O promotor explicou ao Jornal de Piracicaba o que o motivou a promover o estudo. “Foi realizado a partir de uma situação concreta em Piracicaba: um pedido de incineração de quantidade relevante de drogas sem que tenha sido instaurado inquérito policial para apuração da autoria do tráfico. A partir daí, passamos a requisitar os dados estatísticos do Estado de São Paulo e de Piracicaba”, explicou.
De acordo com o promotor, o estudo, feito com dados de 2014 a 2023, apontou a existência de três zonas de impunidade. “O que seria isso? A Justiça Penal se desenvolve em uma linha de atos, que começa na notícia do fato criminoso e termina com a sentença transitada em julgado. Entre a notícia do fato e a formalização da investigação, identificamos que cerca de 80% dos crimes não são formalmente investigados. Em alguns crimes, como roubo ou furto, esses dados atingem 90%. Em segundo momento, do total de ocorrências e investigações, uma porcentagem ainda menor se transforma em ação penal; algo em torno de 5% no geral. E, em terceiro momento, há ainda as absolvições por falta de provas”, explica.
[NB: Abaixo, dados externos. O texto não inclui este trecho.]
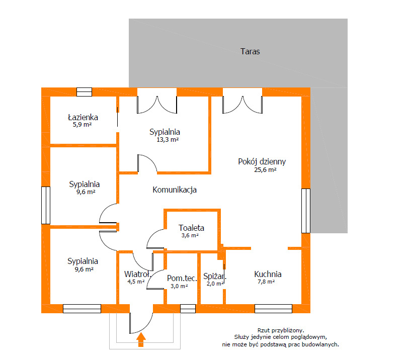 - salon z miejscem na duże przeszklenia i wyjście na taras;
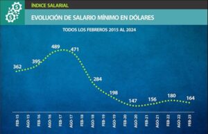 Comparando el salario mínimo de Argentina con el de otros países de la región, el panorama es desalentador. Con un SMVM de tan solo US$164, Argentina ocupa uno de los últimos puestos en el ranking regional, con Venezuela liderando este listado con un SMVM de 3,61 dólares.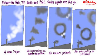 (uma selecção de cartoons sobre este papa e a sua Igreja, seleccionados do arquivo de imagens do Google)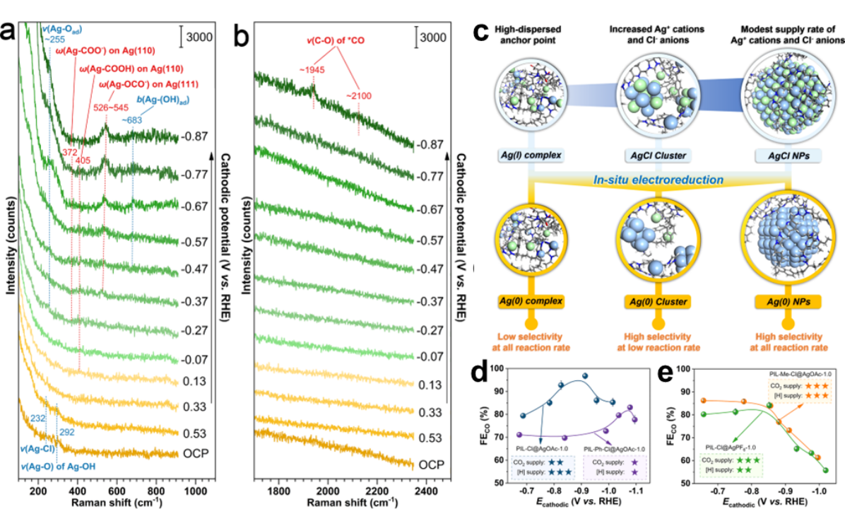 原位拉曼光谱研究发现在施加一定阴极电位后(还未发生CO2RR时),各类Ag–Cl物种便被还原为金属态的Ag(0)物种,这些Ag(0)物种被认为是发生CO2RR的实际活性表面。不同Ag–Cl物种的演化规律可被总结为:PIL提供的高度分散的锚点,即PIL的丰富螯合位点和密集静电网络,利于在引入较少Ag盐时生成Ag(I)络合物;随后,以适中速度扩散的Ag+阳离子和PIL中Cl–离子进一步反应,使Ag(I)络合物向Ag–Cl簇转化;然而,Ag–Cl纳米颗粒的形成则需要持续但缓慢的Ag+阳离子供应与相对较弱的PIL-Ag相互作用。不同杂化材料在大电流密度下的表观CO2RR活性不仅与Ag活性位点的存在形式及数量有关,还与不同PIL结构与组成导致的反应物(即CO2和H2O)的有效供给密切相关。本工作得到了国家自然科学基金委优秀青年基金项目、面上项目的资助以及化学电源与绿色催化北京市重点实验室的支持。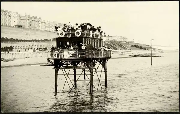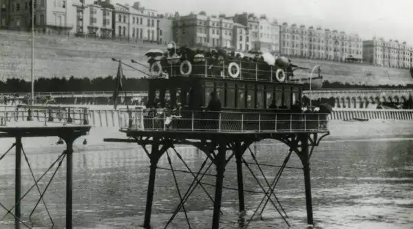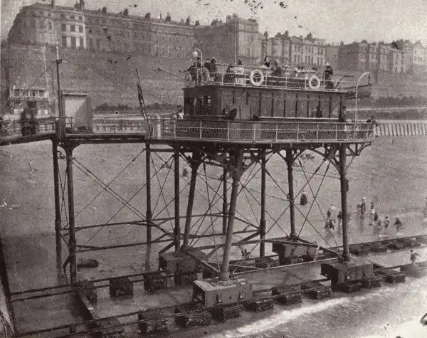 Кроме того, желающие во время путешествия могли выйти на верхнюю и нижнюю палубы и полюбоваться плещущими внизу волнами. «Пионер» был рассчитан на полторы сотни пассажиров. Правда, уже через несколько дней в результате сильнейшего шторма гигантская паукообразная конструкция рухнула в море. После ремонта и восстановления «длинноногий папочка» вернулся в строй и продолжил перевозить пассажиров вплоть до 1900 года. Перспективы по его дальнейшему функционированию прервали планы, связанные со строительством волноломов. Идея переноса рельсов в связи с этой затеей, категорически не понравилась Магнусу Уолку, так как это требовало серьезных денежных затрат и он не взялся за этот проект. В результате, уникальный морской трамвай закончил свое существование рядом с причалом в Брайтоне, от которого и отходил в свои необычные рейсы. Гениальная конструкция стояла и ржавела, пока, наконец, ее не разобрали на металлолом. Так же поступили и с рельсами. И теперь только шпалы из бетона, обнажающиеся во время отлива становятся ярким напоминанием об уникальнейшей электрической железной дороге на Земле.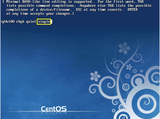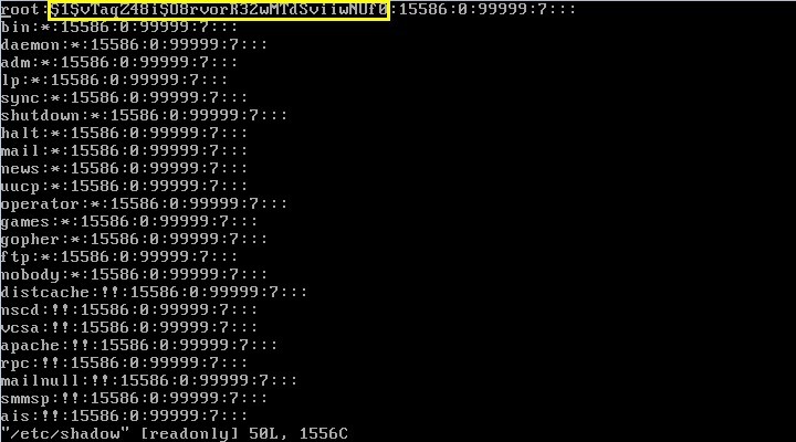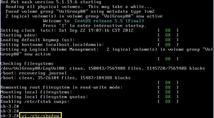 輸入完成后,回車。此時返回到之前的頁面,光標會定位在第二行kernel,再按B(啟動),稍等一會會啟動到如下界面, 輸入 vi /etc/shadow (編輯shadow)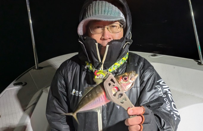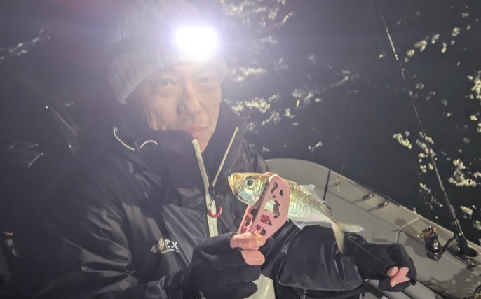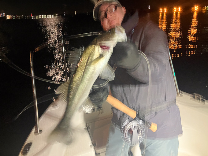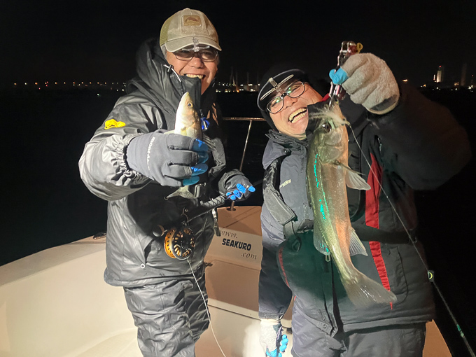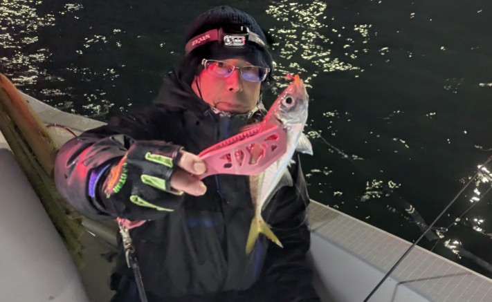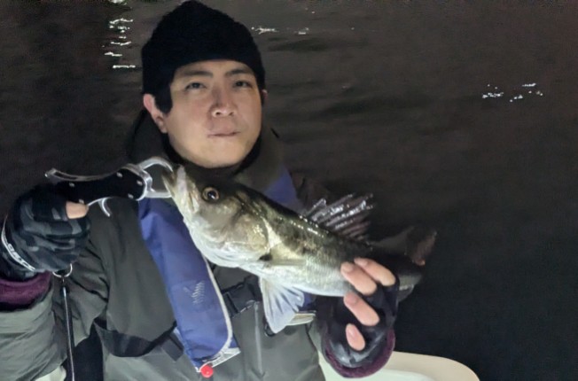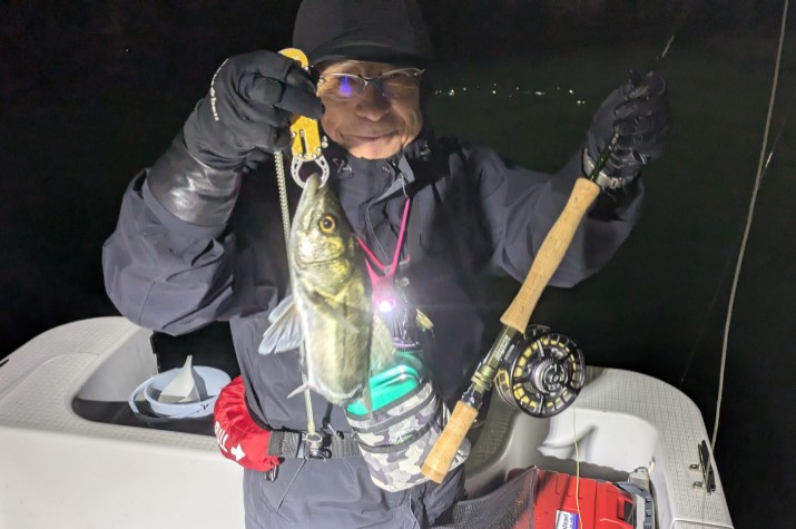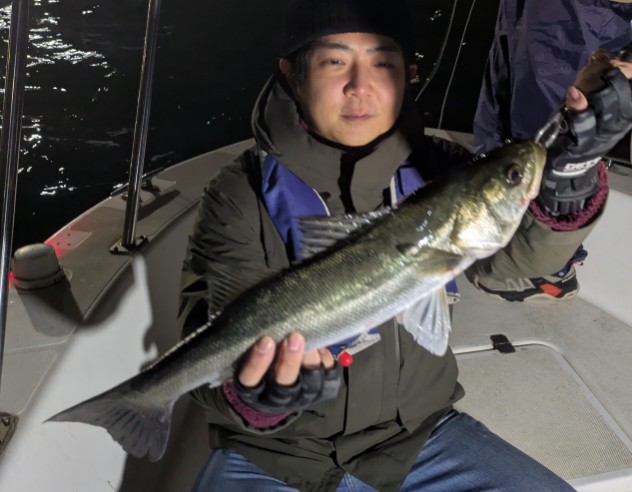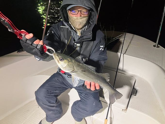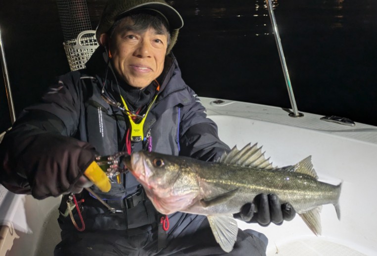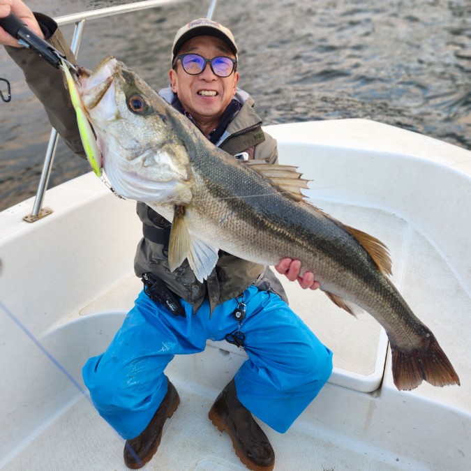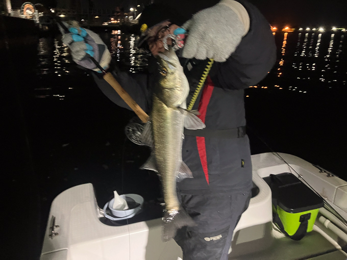 今年は早期から終了まで、70前後の安定した釣果があり、自信が持てたシーズンでした。これもキャプテンの励ましやアドバイスのおかげ様です。深夜、早朝問わず出船いただけるスーパーキャプテン達には感謝しかありません。ありがとうございます。 今年の最大サイズは岡本キャプテンの操船時でした。乗船前に自分のやりたいことや希望を聞いていただき、各ポイントを巡り釣りをしますがノーバイト。いつものように時間が過ぎていきました。暗闇にキャストしてはリトリーブを繰り返す無情の時、やっぱりビッグフライは甘くないなと、いつもの無心キャスト状態になっていた時、岡本キャプテンが今気になる、最も有望であろうポイントに移動。 その時は突然やってきました。ズドン!と糸を押さえ込まれる猛烈バイト!極太のランカーシーバスは凄いファイトでしたが、なんとかいなしてタモ入れに成功!歓喜の雄叫びを上げました。一緒に喜んでくれる岡本キャプテン。本当にこの釣りをやっていて良かったと思える瞬間でした。

Em Piracicaba, o levantamento mostrou que os casos de furto são menos investigados: 93,6% dos casos não se materializam em inquéritos. “Em outras palavras, cada furto cometido tem aproximadamente 92% de chance de não ser investigado”, diz o estudo. Já nos casos de roubos, a taxa de não conversão da notícia do crime em investigação é de 87,7%.
O baixo índice de procedimentos de investigação em relação ao número de ocorrências criminais está diretamente ligado ao efetivo da Polícia Civil. No Estado de São Paulo, a corporação tem 41.912 cargos, mas pouco mais da metade, 24.781 efetivamente ocupados. “Essa defasagem, ao longo dos anos, acarreta uma absorção linear e pequena do universo de ocorrências criminais existentes. De outro lado, ainda constatamos que as prisões em flagrante refletem percentual baixo dentro do total de crimes”, disse o promotor.
Questionada, a SSP (Secretaria Estadual de Segurança Pública) informou que tem feito contratações para reduzir o deficit na Polícia Civil. “Há 3,3 mil policiais civis com formação prevista para setembro deste ano, além de outros três concursos para o preenchimento de 3.135 vagas para delegados, escrivães e investigadores. Em maio houve a maior nomeação da história da Polícia Civil, com a convocação de mais de 4 mil candidatos”, informou.
Para o promotor, o estudo mostra que há um ‘grande problema de segurança pública’. “O pouco universo de crimes apurados e punidos causa um ciclo de impunidade que se auto alimenta com o cometimento de mais crimes, pois a chance do criminoso não ser punido é maior do que ser. De outro lado, o estudo afasta certos mitos que criamos de que “encarceramos em massa”. Isso é uma falácia. Na verdade, punimos de menos. É preciso mudarmos os nossos paradigmas, levar a segurança pública a sério e observar a necessidade de dar uma resposta efetiva à criminalidade”, afirmou.